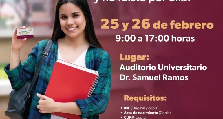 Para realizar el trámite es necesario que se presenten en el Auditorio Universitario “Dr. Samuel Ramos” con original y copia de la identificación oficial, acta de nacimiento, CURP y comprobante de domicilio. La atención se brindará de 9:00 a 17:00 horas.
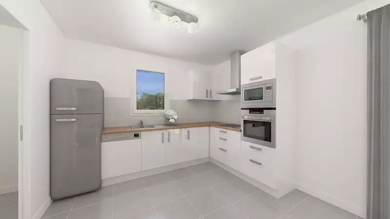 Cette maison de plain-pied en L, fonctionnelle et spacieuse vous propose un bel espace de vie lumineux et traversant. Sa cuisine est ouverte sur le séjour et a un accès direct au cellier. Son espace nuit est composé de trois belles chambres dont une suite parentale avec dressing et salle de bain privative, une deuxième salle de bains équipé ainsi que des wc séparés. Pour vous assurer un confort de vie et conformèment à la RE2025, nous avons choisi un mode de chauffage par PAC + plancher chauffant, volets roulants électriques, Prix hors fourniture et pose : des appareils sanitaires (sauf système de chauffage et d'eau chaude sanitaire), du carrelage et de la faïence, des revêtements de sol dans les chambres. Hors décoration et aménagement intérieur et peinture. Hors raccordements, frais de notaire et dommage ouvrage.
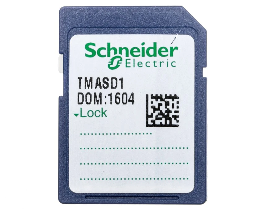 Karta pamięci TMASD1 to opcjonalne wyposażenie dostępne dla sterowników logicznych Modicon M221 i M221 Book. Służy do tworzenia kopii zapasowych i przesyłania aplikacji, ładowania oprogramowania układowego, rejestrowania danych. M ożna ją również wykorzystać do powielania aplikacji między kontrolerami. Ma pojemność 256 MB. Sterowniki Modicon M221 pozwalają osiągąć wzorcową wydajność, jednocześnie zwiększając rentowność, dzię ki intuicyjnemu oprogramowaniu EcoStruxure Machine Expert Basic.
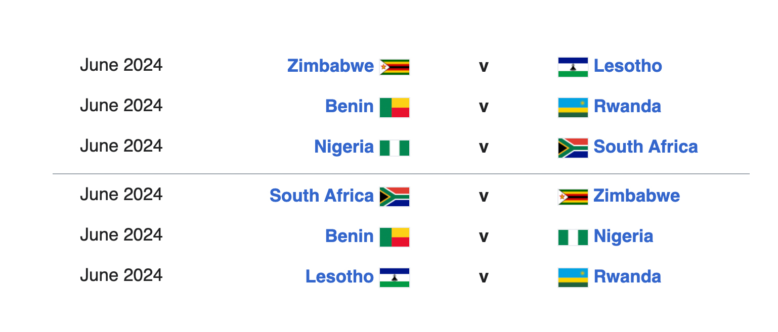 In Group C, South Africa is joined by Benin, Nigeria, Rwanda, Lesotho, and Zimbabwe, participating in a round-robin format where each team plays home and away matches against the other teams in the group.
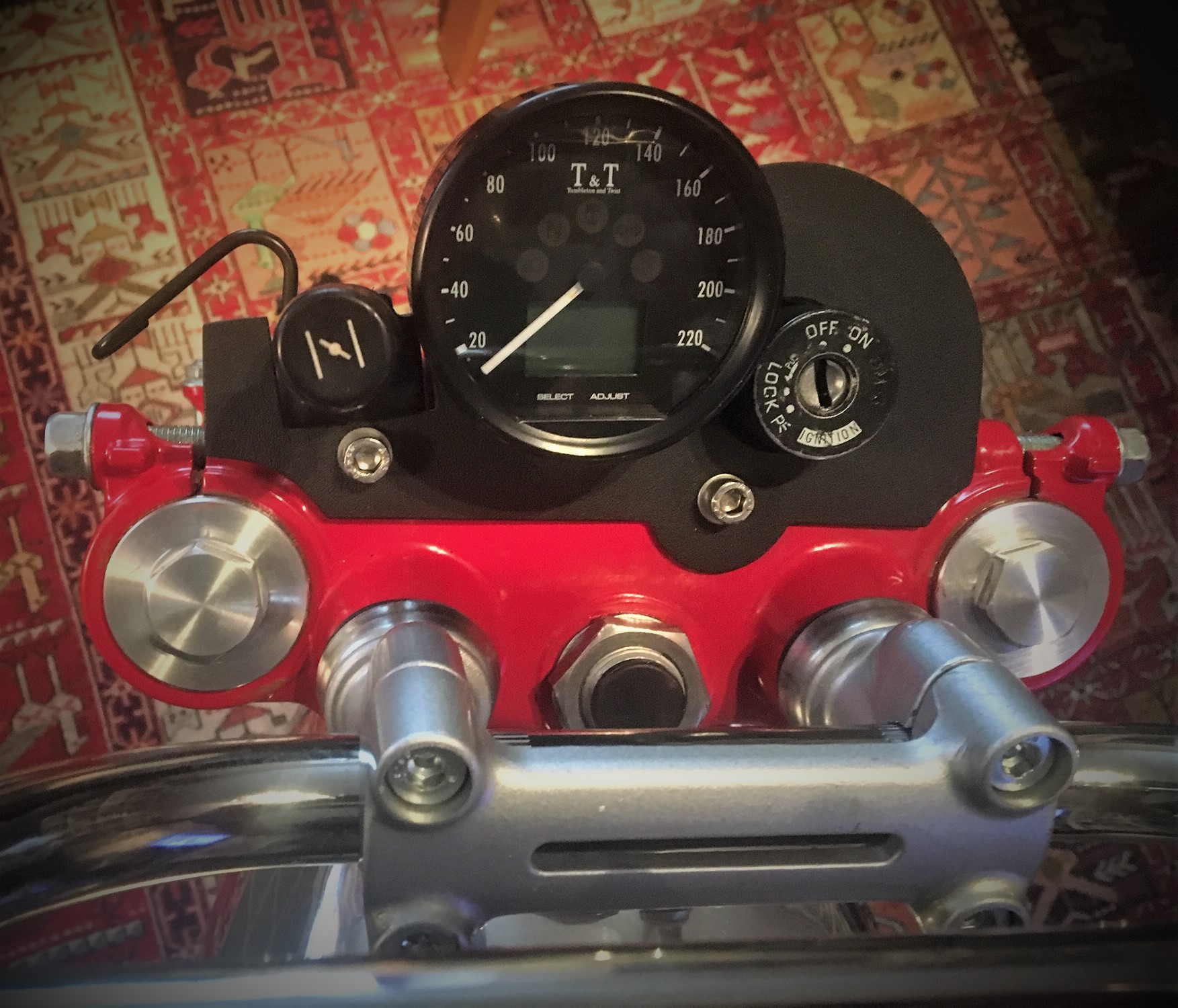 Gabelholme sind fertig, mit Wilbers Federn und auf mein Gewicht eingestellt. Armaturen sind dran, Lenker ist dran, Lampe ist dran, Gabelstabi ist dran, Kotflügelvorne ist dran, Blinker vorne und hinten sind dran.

-----

With every picture removed, give the entries above again exactly.

 Para realizar el trámite es necesario que se presenten en el Auditorio Universitario “Dr. Samuel Ramos” con original y copia de la identificación oficial, acta de nacimiento, CURP y comprobante de domicilio. La atención se brindará de 9:00 a 17:00 horas.
 Cette maison de plain-pied en L, fonctionnelle et spacieuse vous propose un bel espace de vie lumineux et traversant. Sa cuisine est ouverte sur le séjour et a un accès direct au cellier. Son espace nuit est composé de trois belles chambres dont une suite parentale avec dressing et salle de bain privative, une deuxième salle de bains équipé ainsi que des wc séparés. Pour vous assurer un confort de vie et conformèment à la RE2025, nous avons choisi un mode de chauffage par PAC + plancher chauffant, volets roulants électriques, Prix hors fourniture et pose : des appareils sanitaires (sauf système de chauffage et d'eau chaude sanitaire), du carrelage et de la faïence, des revêtements de sol dans les chambres. Hors décoration et aménagement intérieur et peinture. Hors raccordements, frais de notaire et dommage ouvrage.
 Karta pamięci TMASD1 to opcjonalne wyposażenie dostępne dla sterowników logicznych Modicon M221 i M221 Book. Służy do tworzenia kopii zapasowych i przesyłania aplikacji, ładowania oprogramowania układowego, rejestrowania danych. M ożna ją również wykorzystać do powielania aplikacji między kontrolerami. Ma pojemność 256 MB. Sterowniki Modicon M221 pozwalają osiągąć wzorcową wydajność, jednocześnie zwiększając rentowność, dzię ki intuicyjnemu oprogramowaniu EcoStruxure Machine Expert Basic.
 In Group C, South Africa is joined by Benin, Nigeria, Rwanda, Lesotho, and Zimbabwe, participating in a round-robin format where each team plays home and away matches against the other teams in the group.
 Gabelholme sind fertig, mit Wilbers Federn und auf mein Gewicht eingestellt. Armaturen sind dran, Lenker ist dran, Lampe ist dran, Gabelstabi ist dran, Kotflügelvorne ist dran, Blinker vorne und hinten sind dran.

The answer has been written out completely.